Resummation of large logarithms in the VFN scheme for DIS heavy-quark production

TL;DR

This paper investigates how resumming large logarithms affects heavy-quark parton distribution functions in deep-inelastic scattering, revealing significant impacts at different orders and emphasizing the importance of consistent perturbative accuracy.

Contribution

It introduces a detailed analysis of large logarithm resummation effects in the VFN scheme for DIS heavy-quark production, highlighting the importance of matching conditions and perturbative order consistency.

Findings

Resummation significantly impacts LO and NLO heavy-quark PDFs.

NNLO distributions differ from NLO at low virtualities.

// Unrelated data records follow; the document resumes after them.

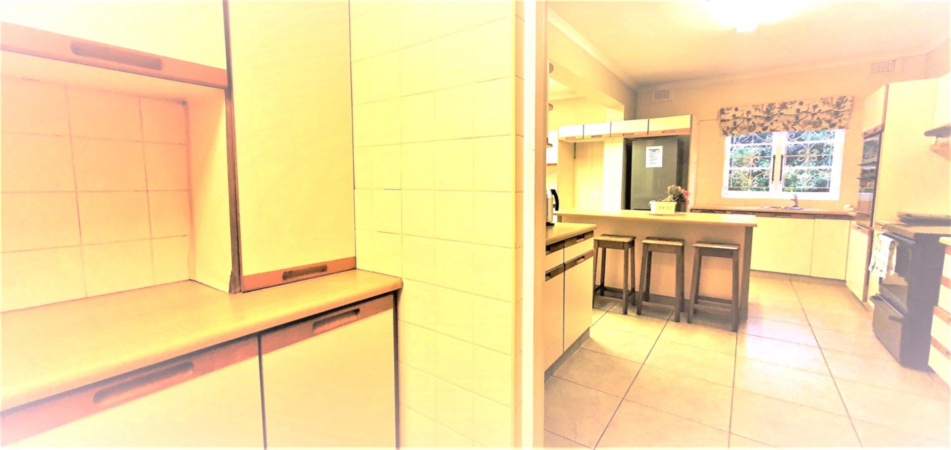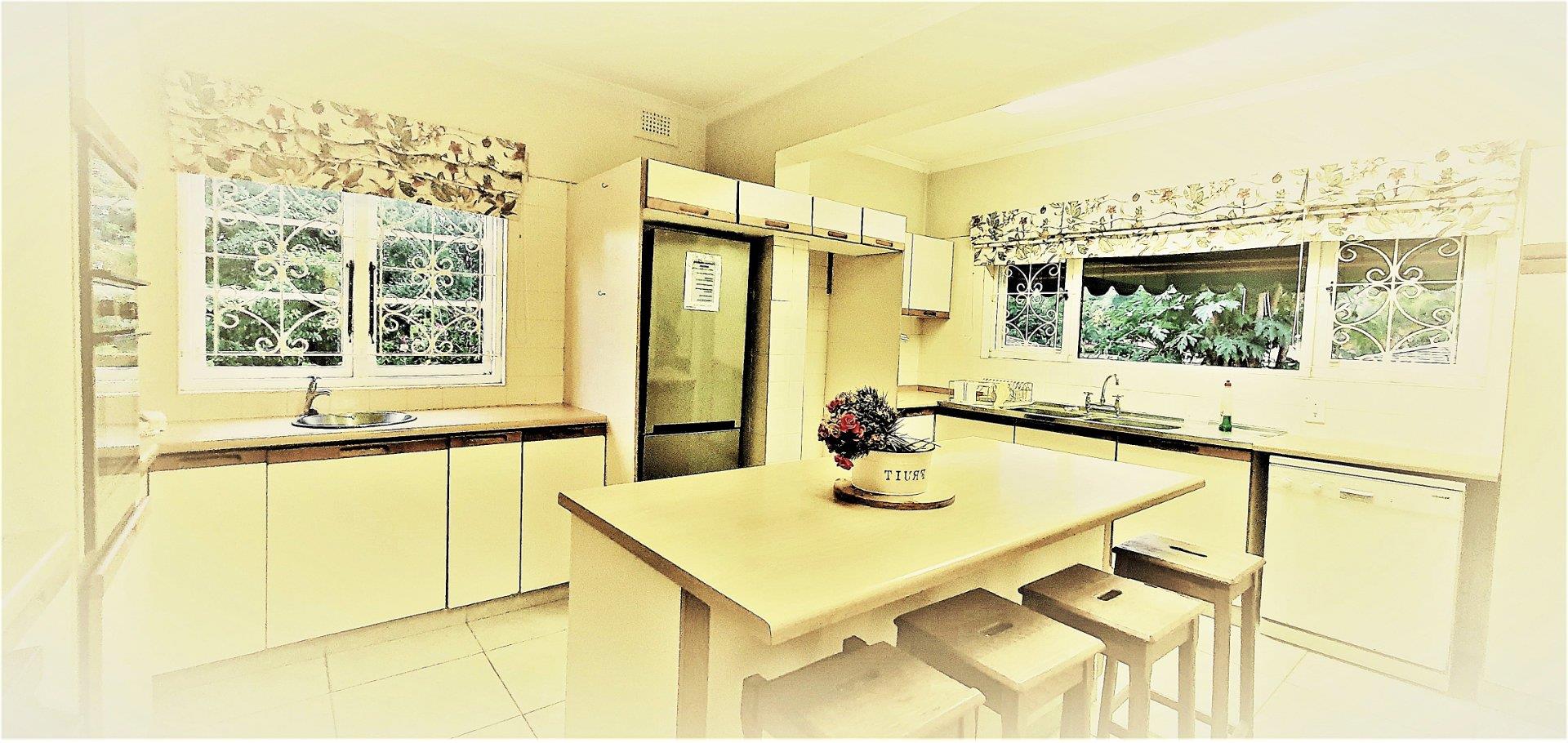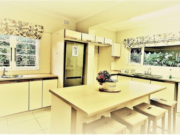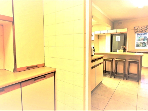 Melamine Kitchen with walk in pantry and scullery and centre consol,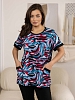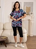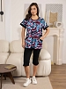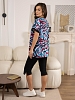 Костюм женский из комбинированного трикотажного полотна, состоящий из бридж и кофты. Кофта полуприлегающего силуэта длинной чуть ниже уровня бёдер из набивного трикотажного полотна с отделкой в цвет бридж. Полочка с рельефами и двумя накладными карманами, на которых имеются планки из отделочного материала. Рукав втачной короткий. Вырез горловины О-образный. Бриджи из однотонного трикотажного полотна длинной ниже уровня колена.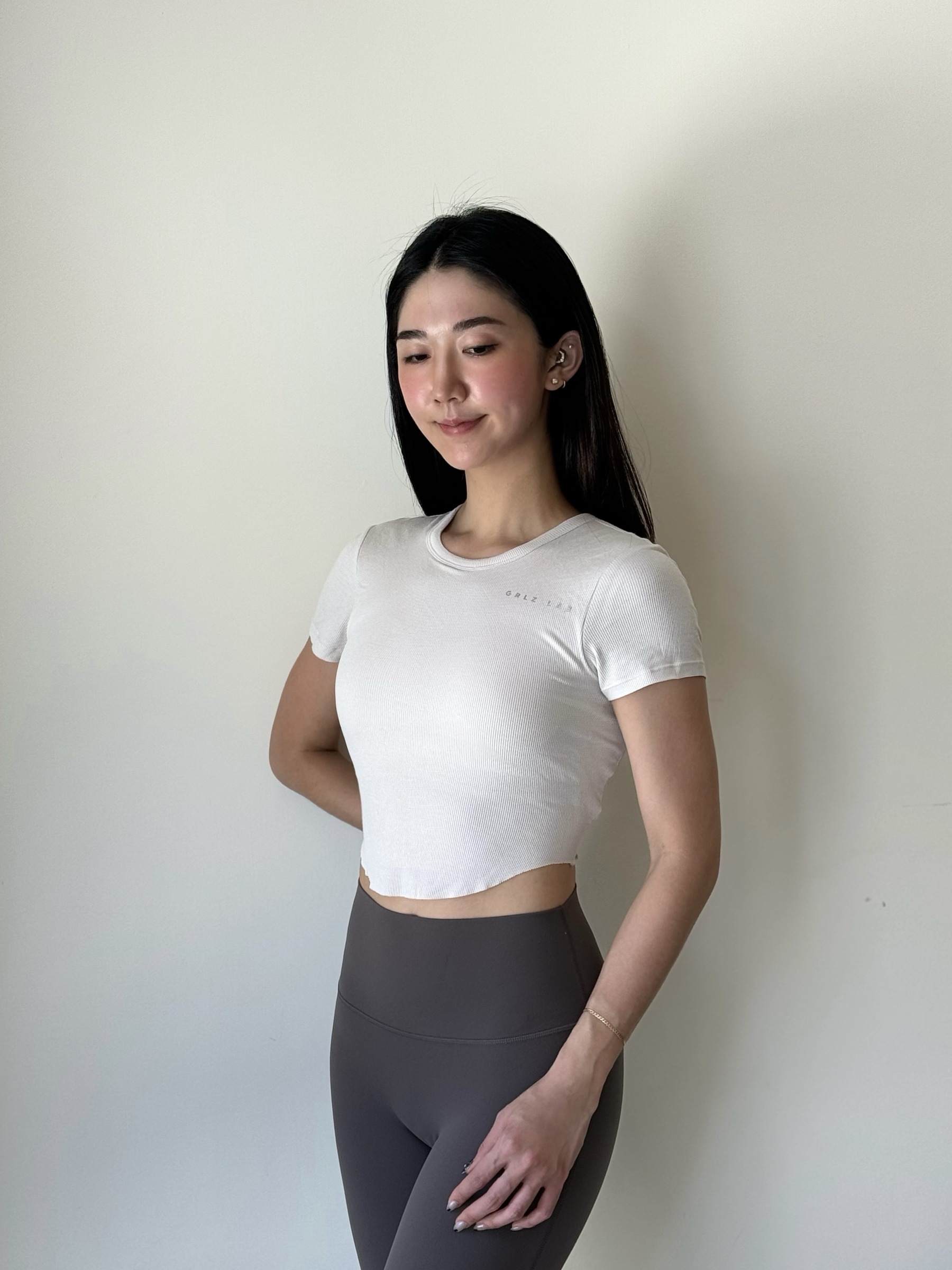 羅紋圓弧短袖 - 麻灰(有胸墊)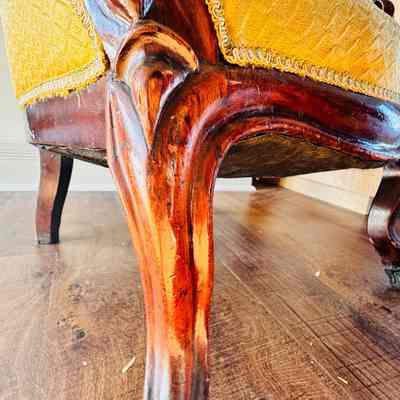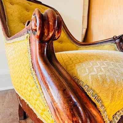 A Victorian-style armchair, originally from the home of Lewis Latimer, featuring intricate wood carving and mustard-gold upholstery. This chair is a fine example of 19th-century craftsmanship and provides a glimpse into the personal furnishings of the renowned inventor.Context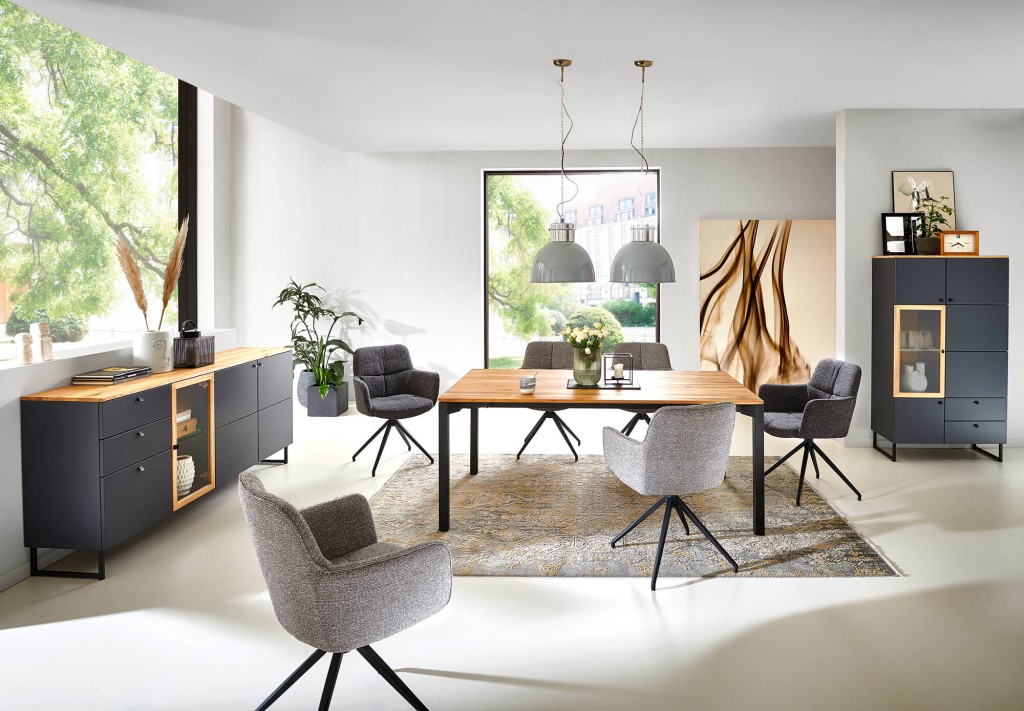 Entdecken Sie den exklusiven Esstisch mit Front Slide – ein Meisterwerk der Handwerkskunst, das Funktionalität und Ästhetik auf höchstem Niveau vereint. Die Tischplatte aus massiver Charakter-Eiche mit edler Falz-Kante verleiht Ihrem Essbereich eine warme, natürliche Eleganz. Dank der innovativen Front Slide-Technologie lässt sich die integrierte Falteinlage mühelos erweitern, wodurch spontanen Gästeempfängen nichts im Wege steht. Das kubische Gestell aus robustem schwarzem Metall setzt einen modernen Kontrast und sorgt für maximale Stabilität. Dieser Esstisch ist nicht nur ein Möbelstück, sondern ein Statement Ihrer Wertschätzung für Qualität und Design. Verleihen Sie Ihrem Zuhause eine unverwechselbare Note und genießen Sie unvergessliche Momente am Esstisch mit Front Slide.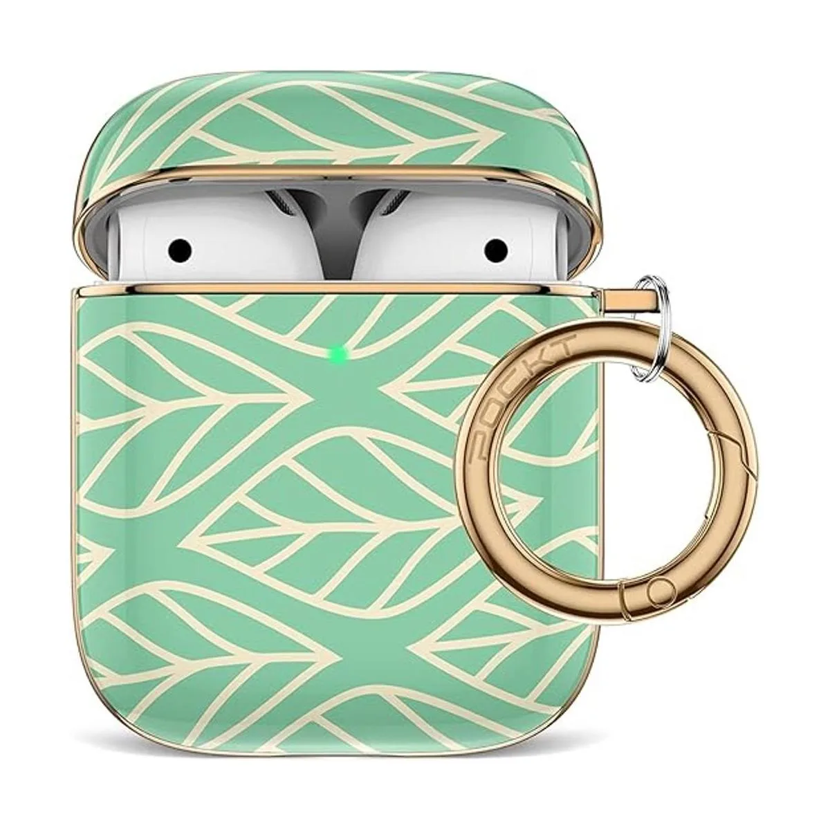 POCKT Funda para AirPods con llavero, funda rígida para AirPods de carga Hojas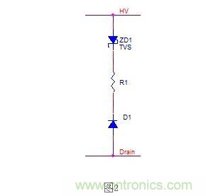 由此式即可計算出R2的大小,亦可得出R2的功率要求,一般要保證R2的功率要大於此功率(E*f)的1.5-2.5倍。若為TVS則,TVS的功率也要和電阻的功率要求一樣,要大於1.5-2.5*E*f。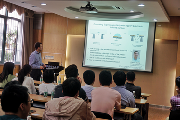 访问,并作了题为“Superhydrophobic and Liquid-Infused Micropatterns for Biological Applications” 的专题报告。报告会由第一会所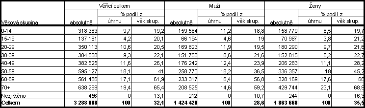 Skladba obyvatelstva podle náboženského vyznání, pohlaví a podle věku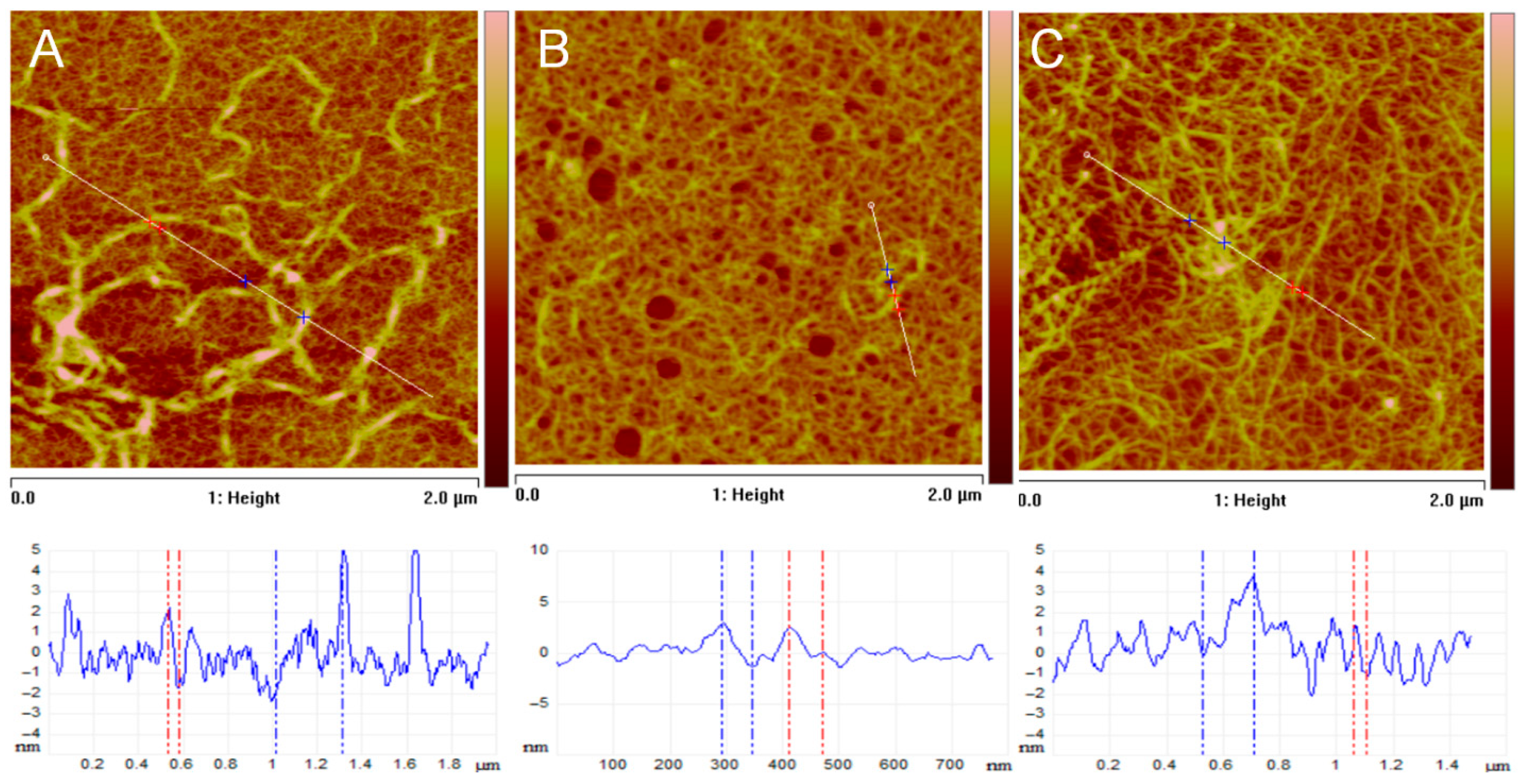 Figure 10A). During the self-assembly process on the mica surface, some regions remain uncovered, appearing as round, substrate-exposed areas. Additionally, there are fewer distinct fibrils, and the surface appears more aggregated and less organized. The height profile exhibits reduced variation, indicating a flatter surface with fewer prominent features. Indeed, the estimated surface roughness is nearly half that of the native collagen sample, with an Rₐ value of 0.6 nm. As seen in the image, the collagen network is sparse and poorly developed. Fibril dimension measurements further confirm that the fibrils are smaller and less defined than those in the native sample, with diameters ranging approximately from 1 to 2 nm.

Mismatch in perturbative orders causes substantial excess in heavy-quark distributions.

Abstract

We consider the impact of the resummation of large logarithms, which appear in the QCD evolution of the heavy-quark distributions, on the phenomenology of deep-inelastic heavy-quark production. The heavy-quark PDFs are derived using the fixed-order matching conditions as a boundary for the QCD evolution and the result obtained is compared to the distributions defined by the matching conditions at all scales. With such an approach, the effect of heavy-quark PDF evolution is found to be sizable at LO and dramatically reduces at NLO. The NNLO evolved distributions are not very different from the NLO ones at large scales, however, show substantial differences at low virtualities, i.e. where the additional large logarithms are numerically not important, while a mismatch between the NLO accuracy of the matching conditions and the NNLO accuracy in the evolution kernels causes a substantial excess in the heavy-quark distributions. This excess propagates into the variable flavor number (VFN) scheme predictions for the deep-inelastic structure functions and has to be compensated by a decrease in the small-$x$ gluon distribution determined from PDF fits based on the VFN scheme, which should be considered as a theoretical uncertainty in VFN PDF fits and reaches $\sim 30\%$ for the small-$x$ gluon distribution extracted from the data on deep-inelastic charm-quark production.